Kris tells Roxie that Cyrus is a great person and only pretended he was not Truth for Kris. He says Cyrus is real and the one she needs to be with. Roxie goes to the church and hugs Cyrus as they sing "Let it Shine".

==Cast==
- Tyler James Williams as Cyrus DeBarge/Truth. He is shown to be musically talented, but likes hanging back in Kris' shadow.
- Coco Jones as Roxanne "Roxie" Andrews, a famous singer and Cyrus and Kris' friend since kindergarten.
- Trevor Jackson as Kris McDuffy, Cyrus' best friend. He is mistaken for Truth.
- Brandon Mychal Smith as Lord of da Bling, the antagonist of the story who humiliates Cyrus at the club.
- Dawnn Lewis as Gail DeBarge, Cyrus' mother who openly encourages her son to follow his dreams.
- Alex Désert as Levi, club owner
- Nicole Sullivan as Lyla, Roxanne's manager and main stylist.
- Courtney B. Vance as Pastor Jacob DeBarge, Cyrus' father who, throughout most of the movie, believes that rap and hip-hop should be banned from the community.
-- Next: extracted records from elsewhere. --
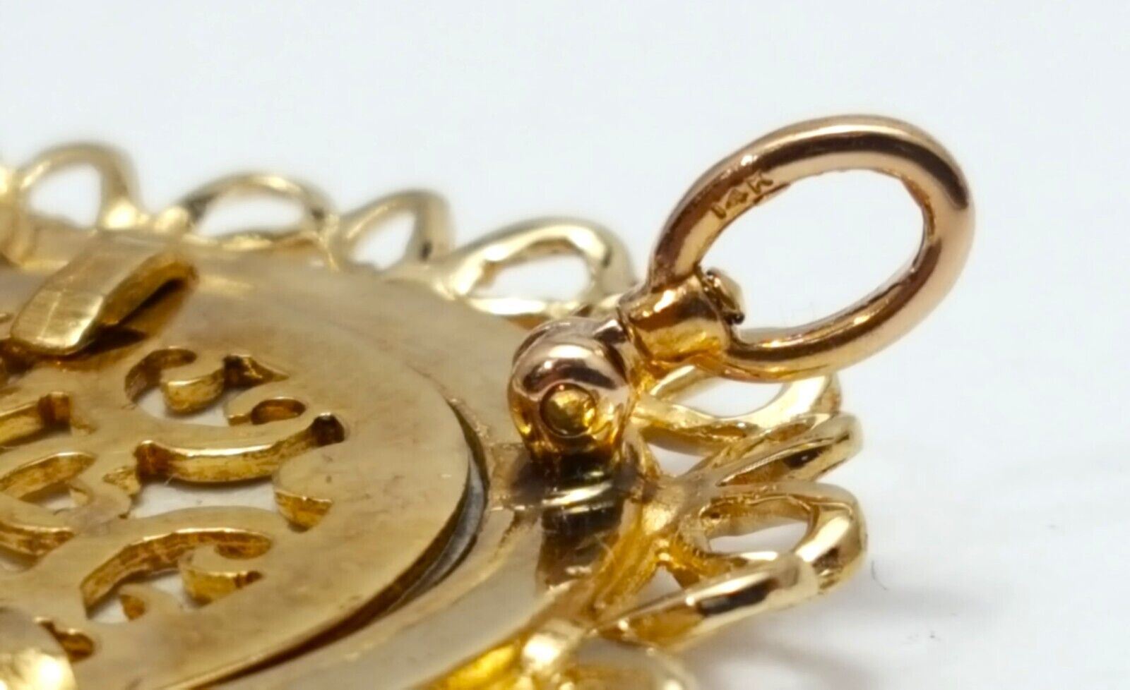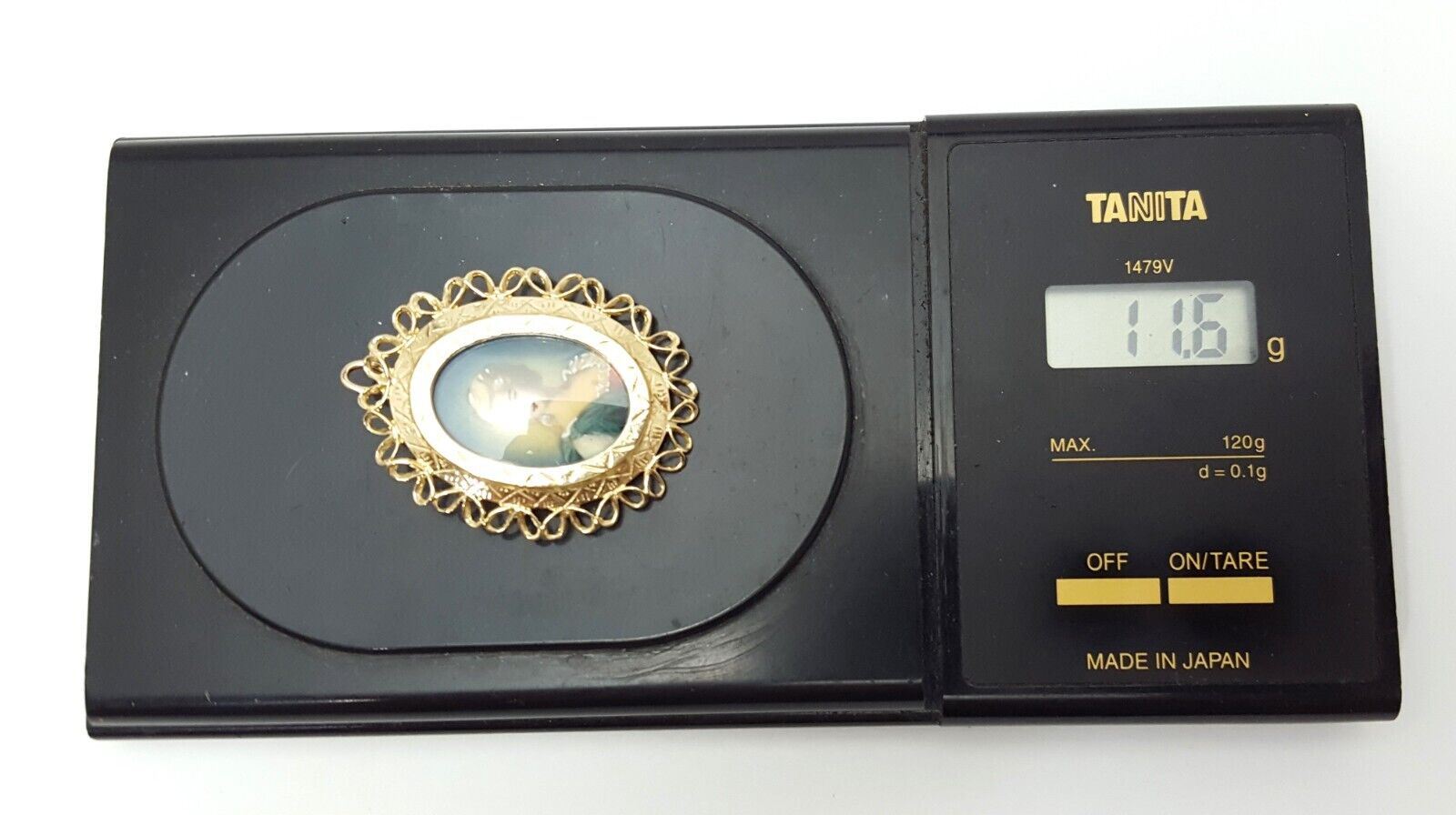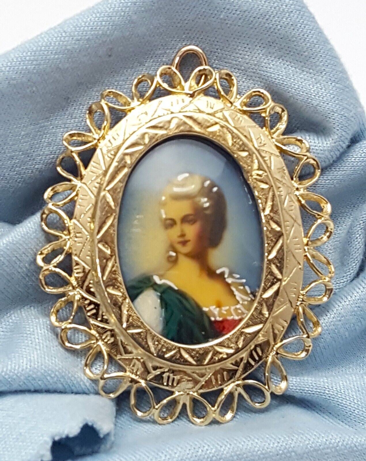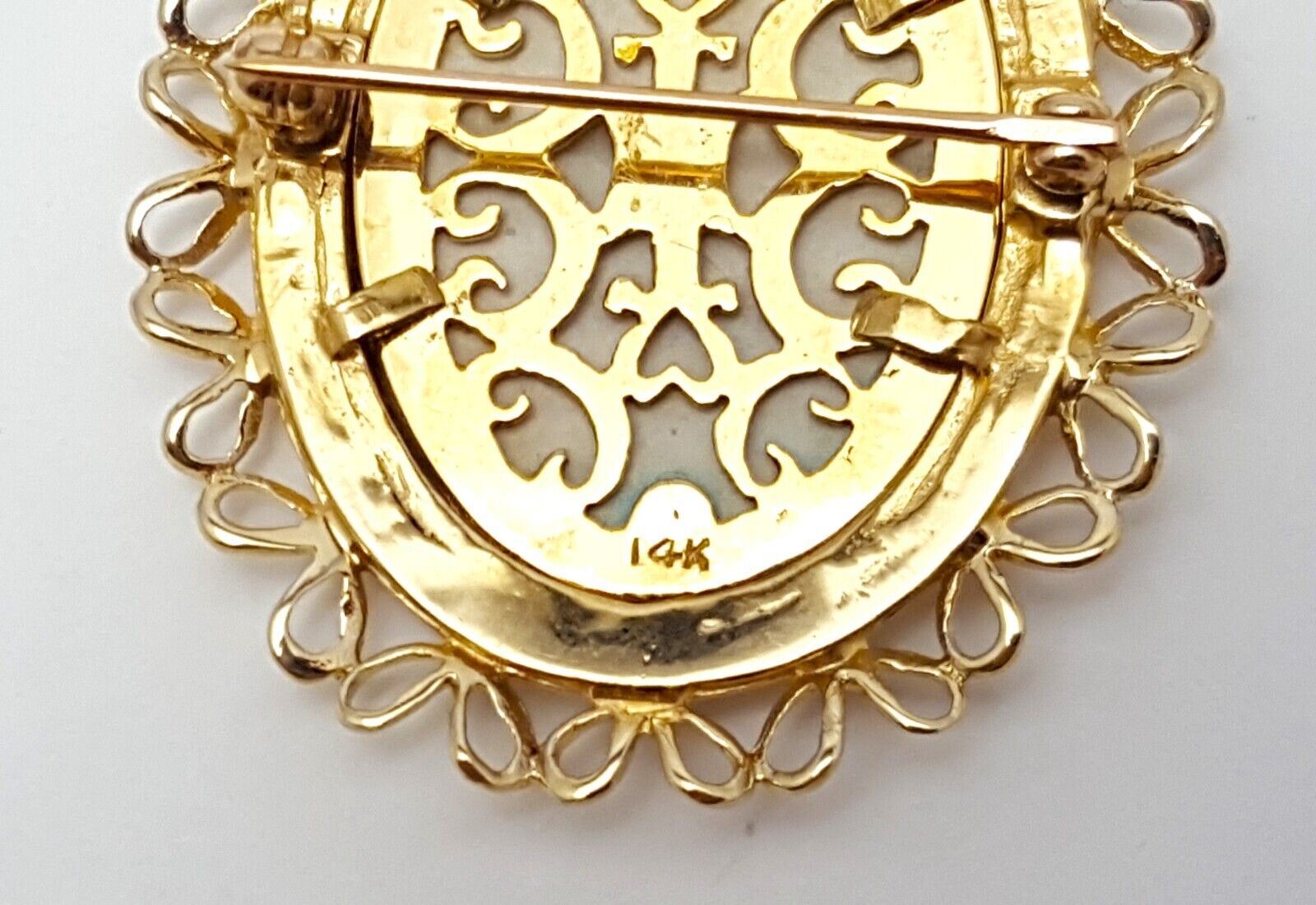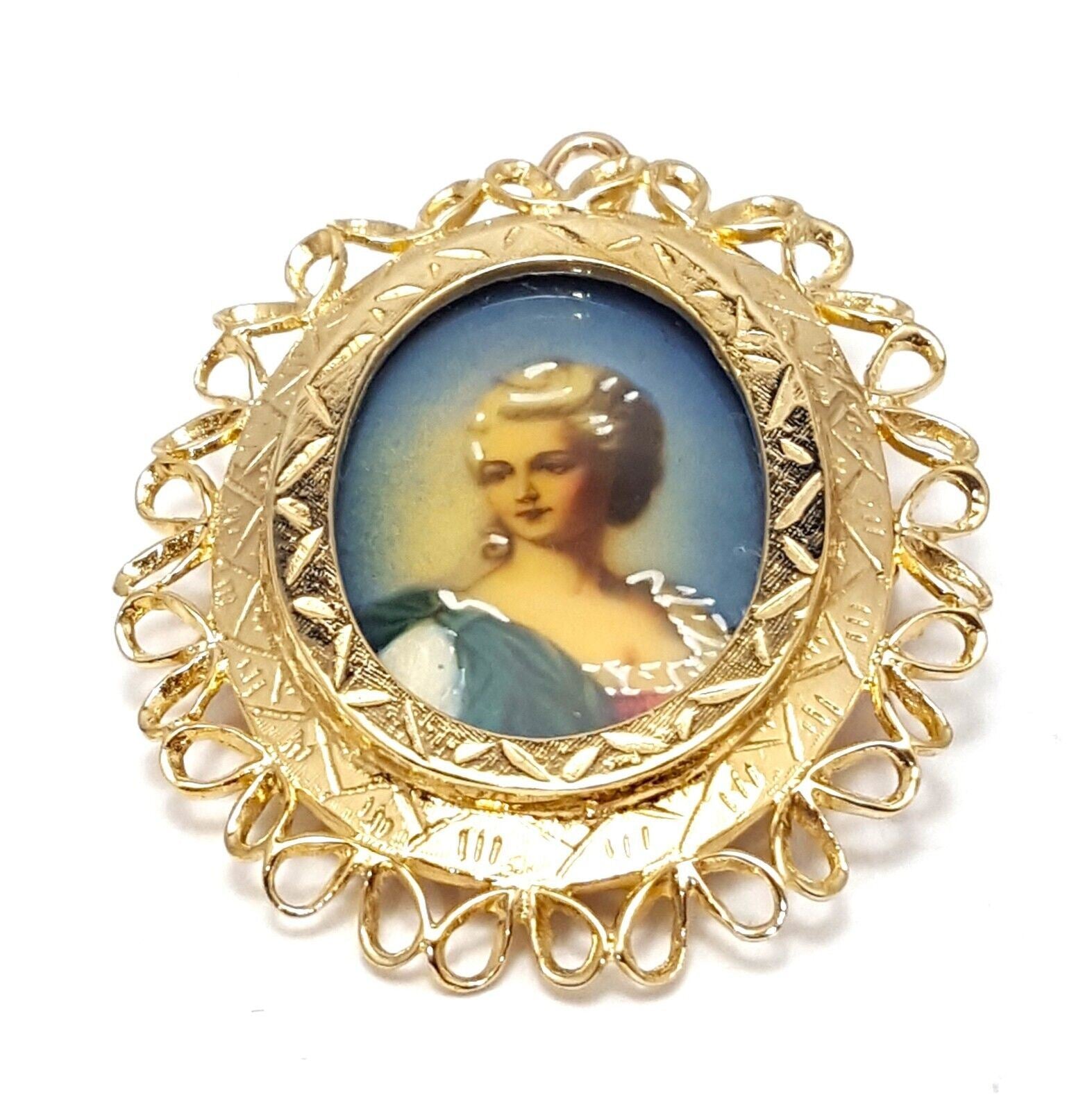 Vintage Victorian 14K Solid Yellow Gold Designer Enamel Brooch Pin Charm Pendant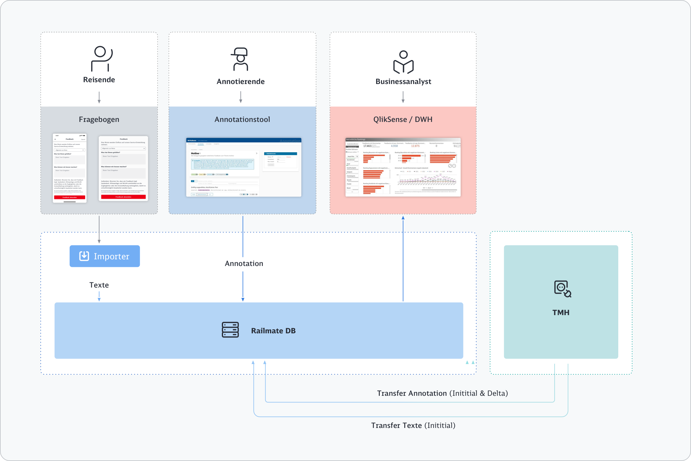 Die Fragebögen werden entweder über Dienstleister oder intern gehostet und bieten die Option der Eingabe über Freitextfelder. Neben den Texten werden die Eingangskanäle, Zeitstempel und weitere betriebliche Informationen (Zug und ggf. Wagen) gespeichert.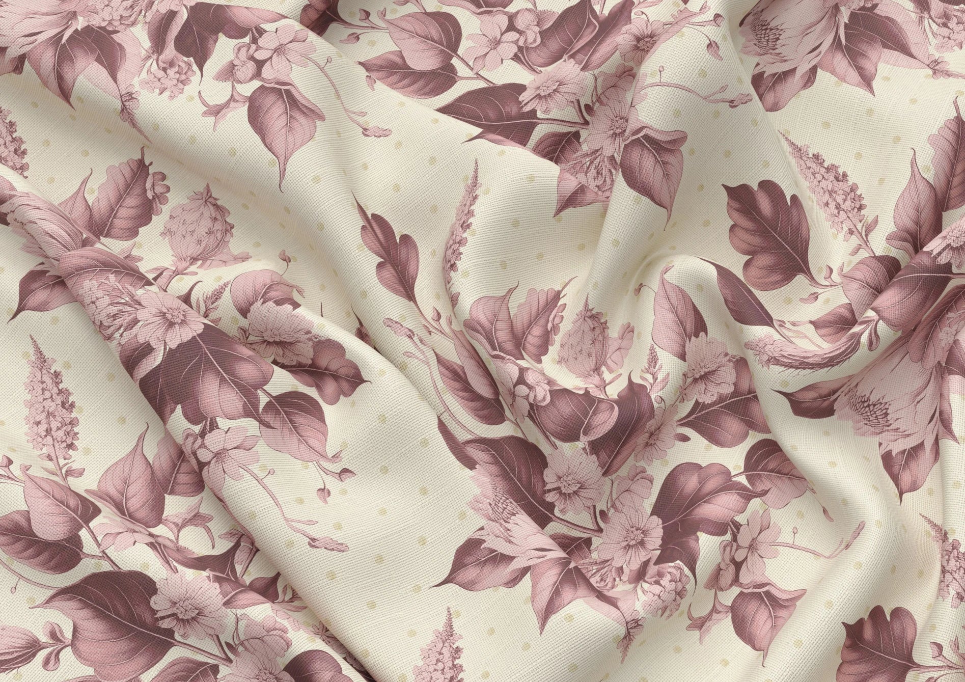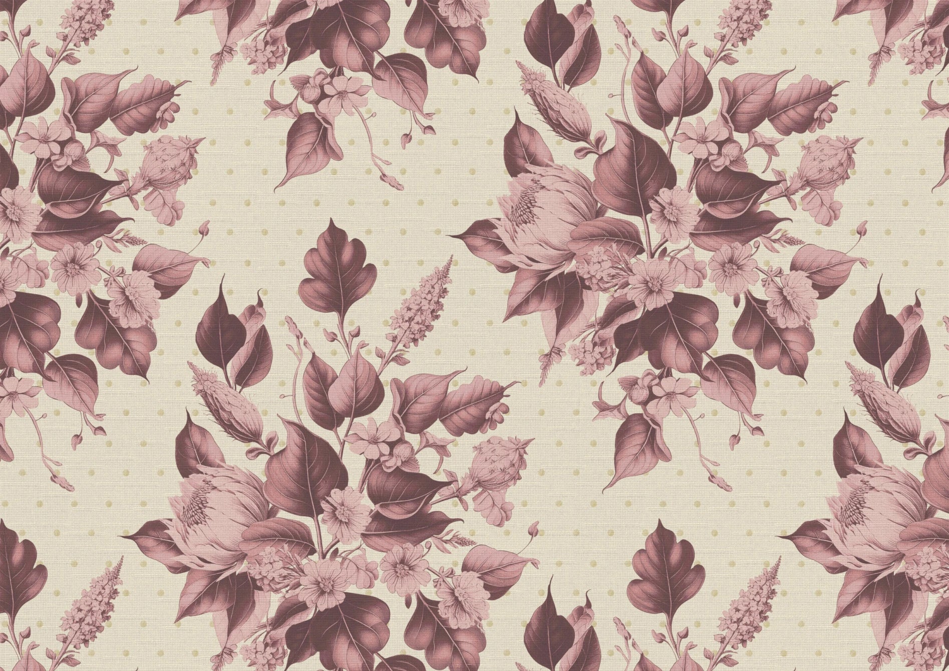 Penn Bouquet is a richly layered floral composition, hand-drawn with botanical precision and composed in a symmetrical repeat. A tangle of gathered blooms, seed pods, and curling leaves in hues of Rosies Pink, unfurls across a warm cream ground, accented with a subtle dotted backdrop that adds depth without distraction. The warm, sepia-toned palette evokes a sense of vintage elegance, bringing presence and delicacy to the design.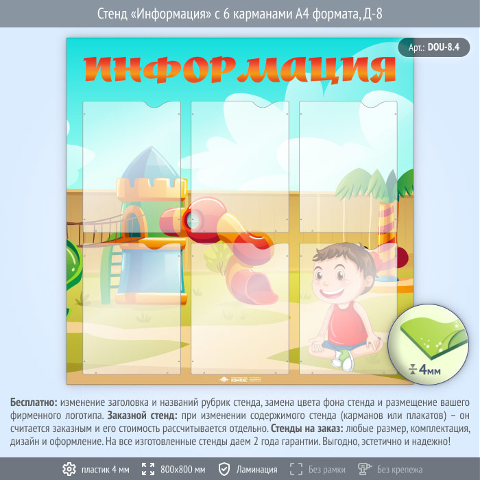 Стенд «Информация» с 6 карманами А4 формата (DOU-8.4) в Кызыле купить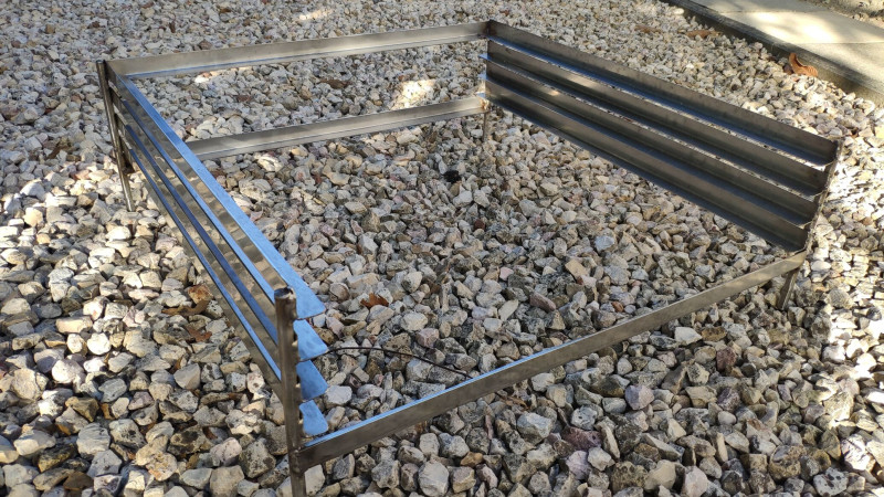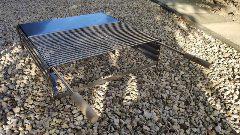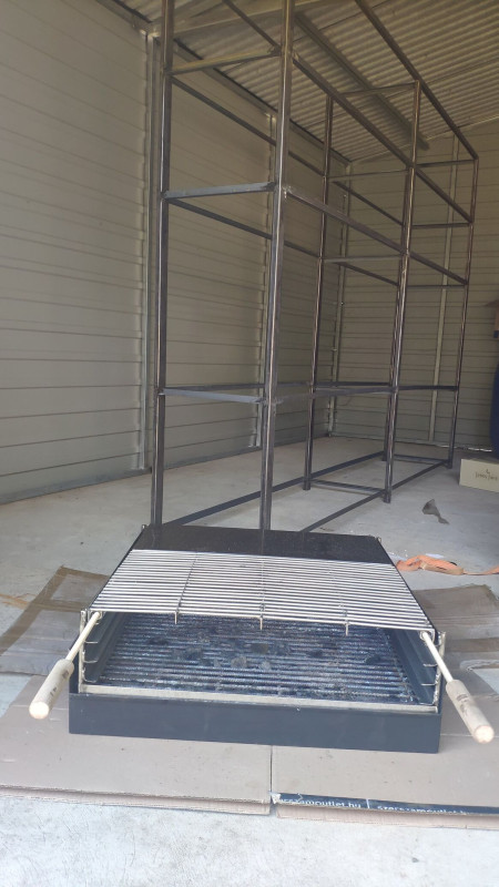 Aztán jön a váz, ez már full rozsdamentes, pont beleillik a tűztérbe. 4 magasság közül lehet választani. Egy tábla 1,5-es rozsdamentes lemezt vettem 2 éve, akkor még ki lehetett fizetni, olyan árak voltak. A szaki sok tonnás szabász géppel lecsapkodott belőle ~4cm-es csíkokat, és meghajtotta derékszögben, így lettek ilyen szögacélok. A láb 10-es vagy 12-es rozsdamentes köracél: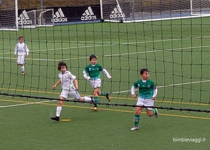La seconda tappa del nostro weekend calcistico è stata la visita a Ciudad Real Madrid. Il club possiede una vera e propria città sportiva vicino all’aeroporto Barajas con qualcosa come 11 campi da calcio e un vero e proprio stadio (Estadio Alfredo Di Stefano) dove si allena la prima squadra. Ovviamente gli allenamenti avvengono a porte chiuse (con rare eccezioni in cui si apre l’accesso ai fans). Durante il weekend, però, vi sono le partite delle squadre giovanili, ossia la “Cantera”, che va dai bambini di 7 anni (Prebenjamin) fino ai 18enni (Juvenil A).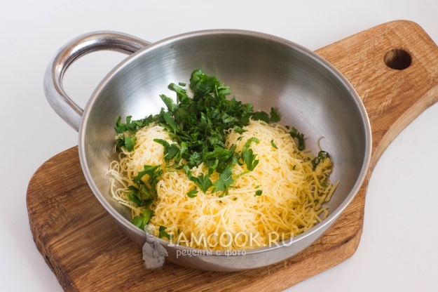 Сыр натрите на мелкой терке, добавьте зелень петрушки, соль по вкусу.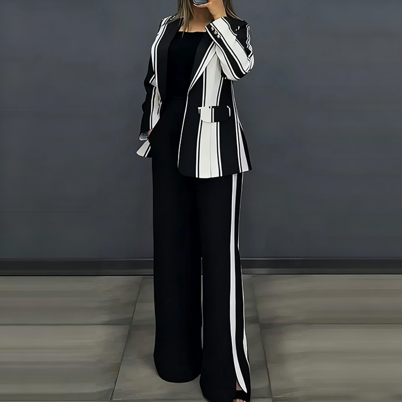 Zestaw zawiera: 1* modny zestaw składający się z marynarki i spodni z szerokimi nogawkami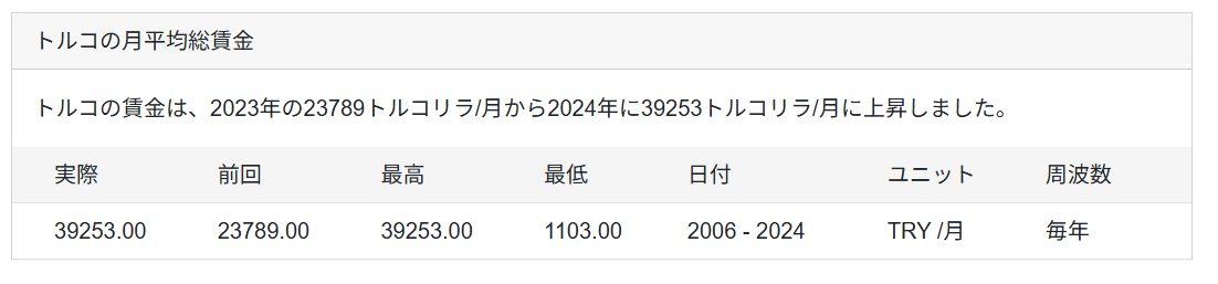 トルコの友人に聞いたところ、平均給与は日本円で11~12万円ほどだそう。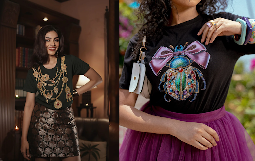 The Duchess Kumari Jewel Embroidered T-Shirt is a masterpiece that mimics layered gold necklaces. It balances heritage detailing with a contemporary silhouette, making it a top pick for women who love elegance tucked inside comfort.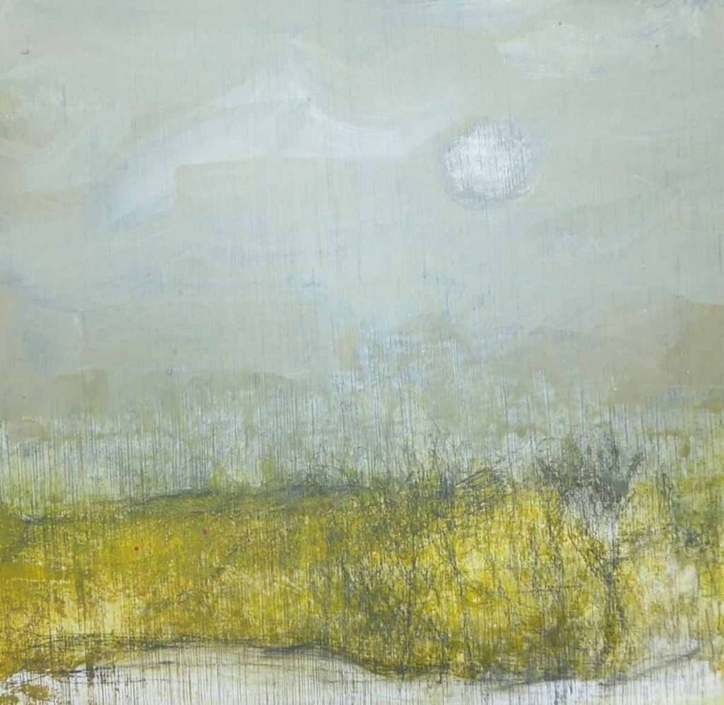 Davies studied Ceramics and Glass Design at Edinburgh College of Art, and perhaps it’s this decorative skill which is translated in the controlled use of line and shape with crisp tone and texture. Rather than dramatic vistas, he experiments in depicting subtle elements: the shimmering glare of Mediterranean sun, a slant of winter light over frosty fields and a hazy mist like a lacy veil in Grasses, with a delicate touch.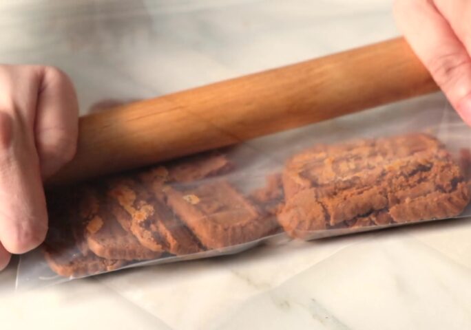 Crush Lotus into fine crumbs with a rolling pin. Add melted butter, mix combined.

At the end of the movie, after reading Cyrus' lyrics, he accepts his son's love of rap/hip-hop and supports him.
- Algee Smith as Da Boss, another rapper whom Lord of da Bling defeats in order to make it to the Rap Grand Slam.
- Shay Roundtree as Rap Battle Host.
- Hans Daniels as Phantom, a rapper who is defeated in a rap battle by Revelation.
- Courtney Gray as Revelation, a talented rapper who is defeated by the Lord of da Bling in a rap battle.
- Chloe x Halle as Choir Members

==Production==
The movie's soundtrack features 13 original songs by acclaimed music producers/songwriters/performers Rock Mafia, Toby Gad, David Banner, Andy Dodd, In-Q, Adam Hicks, Lindy Robbins, Dapo Torimiro, Thomas Sturges, Jon Vella and Adam Watts.

The movie was shot in Atlanta and Marietta, Georgia. The DVD was released on August 7, 2012.

==Reception==
The premiere of Let It Shine garnered 5.7 million viewers, the high cable rating of the day, and obtained an adult 18–49 rating of 0.9, second only to Family Guy. It was the most watched Disney Channel Original Movie to that point of 2012 and was the #1 movie of the year across kids 6–11, tweens and teens. The Rap Battle Edition, which aired on June 30, was watched by 4.54 million people.

==Nominations==

| Year | Award | Category | Recipient | Result | Ref. |
|---|---|---|---|---|---|
| 2013 | Young Artist Award | Best Performance in a TV Movie, Miniseries, Special or Pilot – Leading Young Actor | Trevor Jackson | Nominated |  |

==Broadcast==

The movie aired worldwide on Disney Channel. It premiered on June 15, 2012 in United States and Canada, on July 20, 2012 in the United Kingdom and Ireland, on August 3, 2012 in India, and on September 28, 2012 in Australia and New Zealand. In Singapore, Malaysia, and the Philippines it previewed on October 19, 2012 and premiered on November 10, 2012. In the United States, the movie aired following a new episode of Good Luck Charlie, and was itself followed by the series premiere of Gravity Falls.

==Cancelled sequel==
In a September 2020 video posted to YouTube, Coco Jones revealed a sequel film had been written but was eventually scrapped.

==See also==

- The Fighting Temptations, 2003 film starring Cuba Gooding, Jr. and Beyoncé Knowles
- Joyful Noise, 2012 film starring Queen Latifah
- Rags, a similar movie released on May 28, 2012 by Nickelodeon.